» Records to use:
=== Begin Enclosure ===

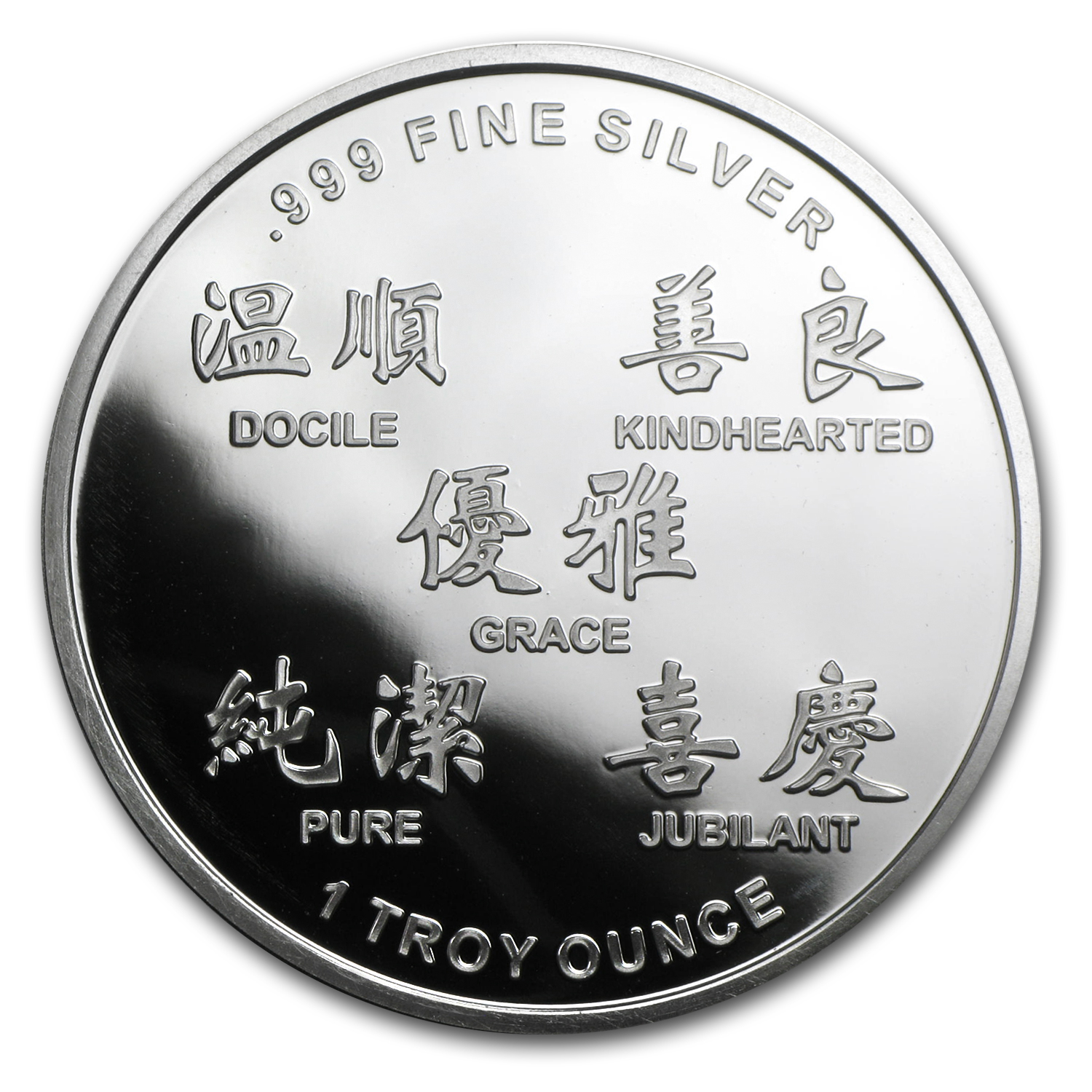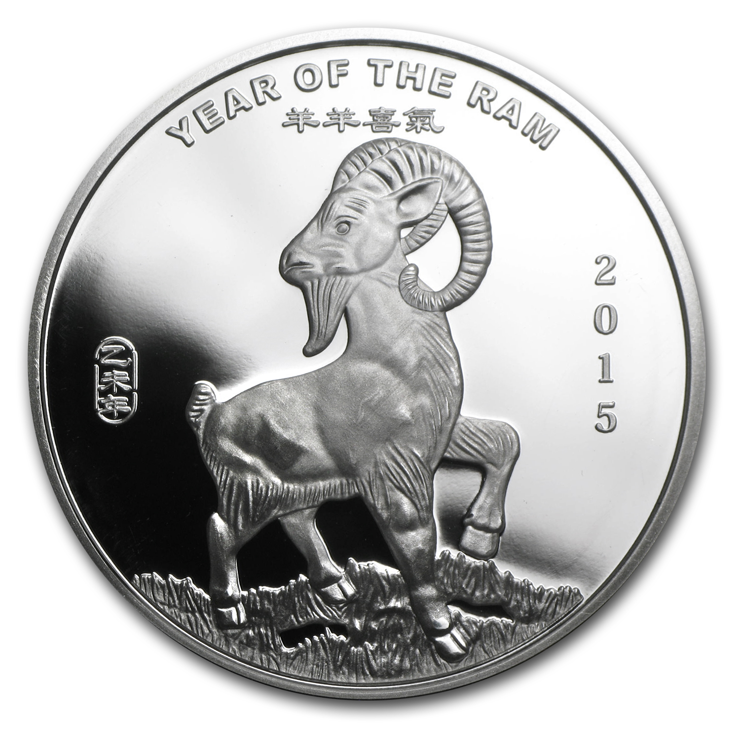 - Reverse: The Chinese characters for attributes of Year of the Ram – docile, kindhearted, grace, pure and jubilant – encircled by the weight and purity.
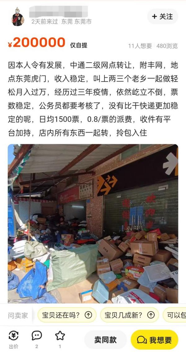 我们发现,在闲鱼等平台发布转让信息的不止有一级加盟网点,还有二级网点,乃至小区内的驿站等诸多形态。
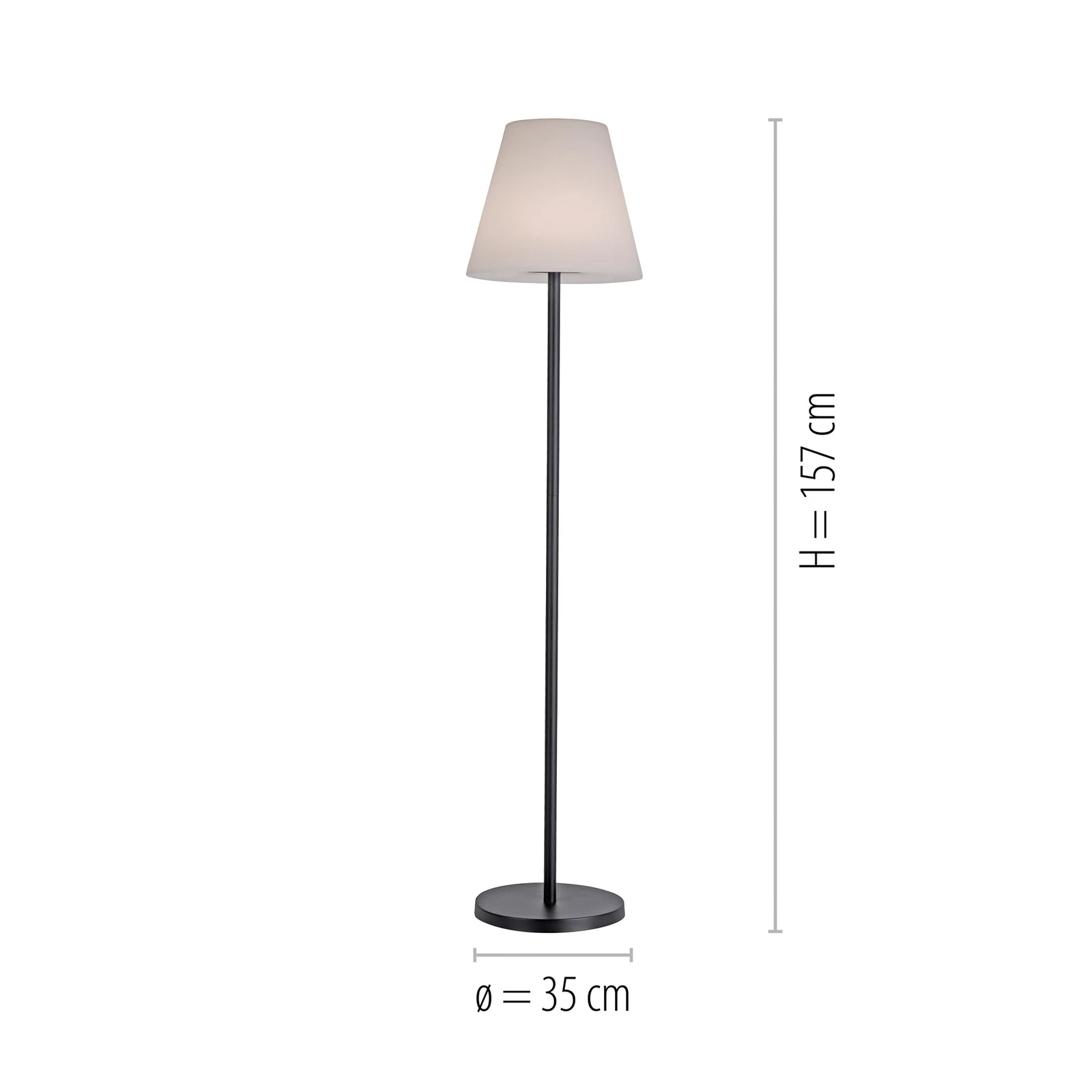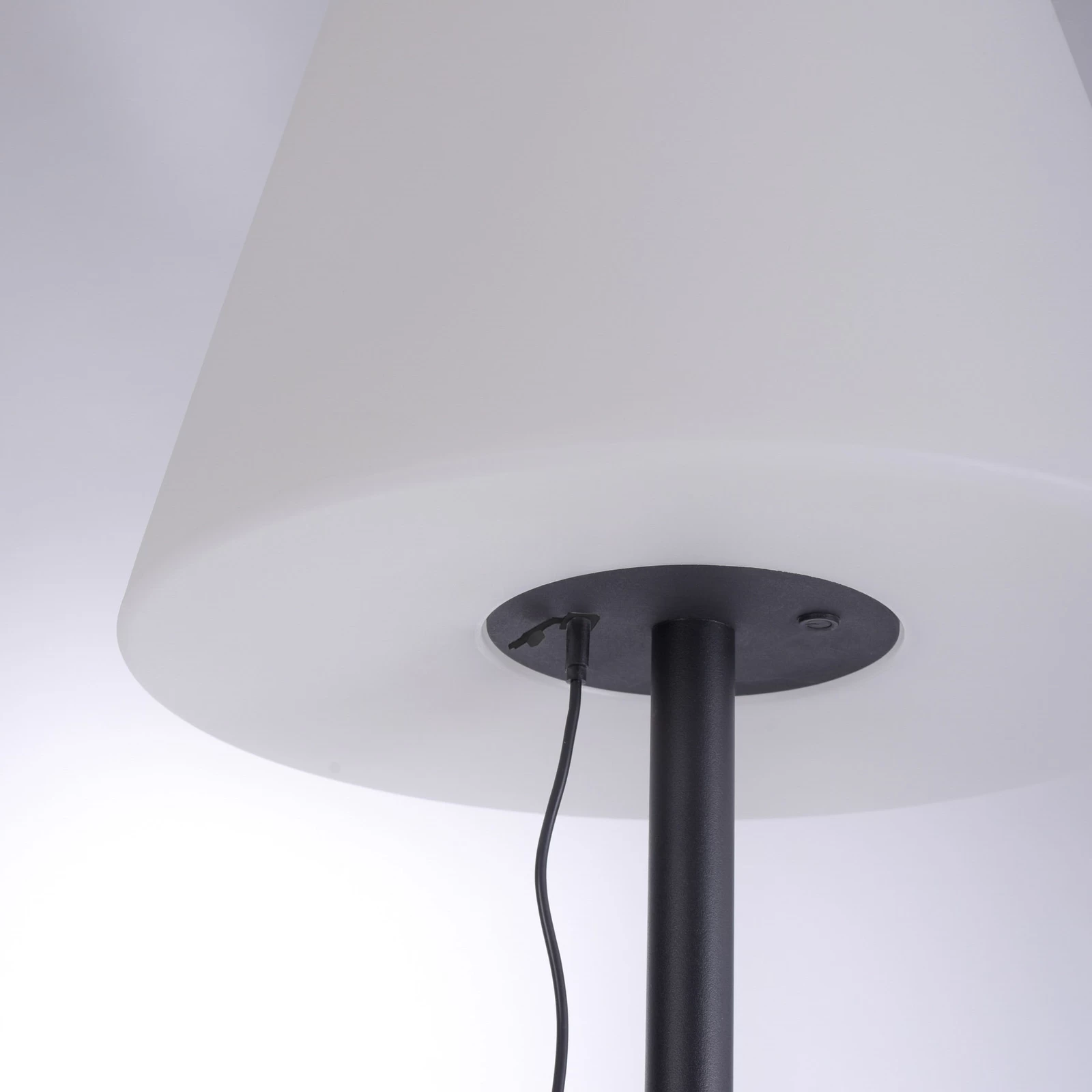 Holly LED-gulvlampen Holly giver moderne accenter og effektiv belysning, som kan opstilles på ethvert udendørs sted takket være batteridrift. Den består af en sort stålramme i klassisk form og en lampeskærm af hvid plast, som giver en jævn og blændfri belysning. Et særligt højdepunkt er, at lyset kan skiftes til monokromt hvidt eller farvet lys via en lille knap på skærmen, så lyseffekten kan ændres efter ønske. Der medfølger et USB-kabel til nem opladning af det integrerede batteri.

=== End Enclosure ===
=== Begin Enclosure ===

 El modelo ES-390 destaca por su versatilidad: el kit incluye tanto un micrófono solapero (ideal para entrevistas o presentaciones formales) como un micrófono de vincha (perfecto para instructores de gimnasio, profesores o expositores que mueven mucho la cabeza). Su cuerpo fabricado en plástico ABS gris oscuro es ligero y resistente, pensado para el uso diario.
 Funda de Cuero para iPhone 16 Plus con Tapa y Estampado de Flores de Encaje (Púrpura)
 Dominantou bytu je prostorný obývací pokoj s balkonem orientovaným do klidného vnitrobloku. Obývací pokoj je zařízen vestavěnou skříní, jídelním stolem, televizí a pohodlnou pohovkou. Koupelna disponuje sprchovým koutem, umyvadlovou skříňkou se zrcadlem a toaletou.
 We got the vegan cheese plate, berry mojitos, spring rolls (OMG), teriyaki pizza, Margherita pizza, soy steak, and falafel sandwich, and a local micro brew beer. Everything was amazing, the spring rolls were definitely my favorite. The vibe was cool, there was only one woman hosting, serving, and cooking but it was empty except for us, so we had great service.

=== End Enclosure ===

» Required work: Take from the listing above each line containing "para".

» Solution below:
 El modelo ES-390 destaca por su versatilidad: el kit incluye tanto un micrófono solapero (ideal para entrevistas o presentaciones formales) como un micrófono de vincha (perfecto para instructores de gimnasio, profesores o expositores que mueven mucho la cabeza). Su cuerpo fabricado en plástico ABS gris oscuro es ligero y resistente, pensado para el uso diario.
 Funda de Cuero para iPhone 16 Plus con Tapa y Estampado de Flores de Encaje (Púrpura)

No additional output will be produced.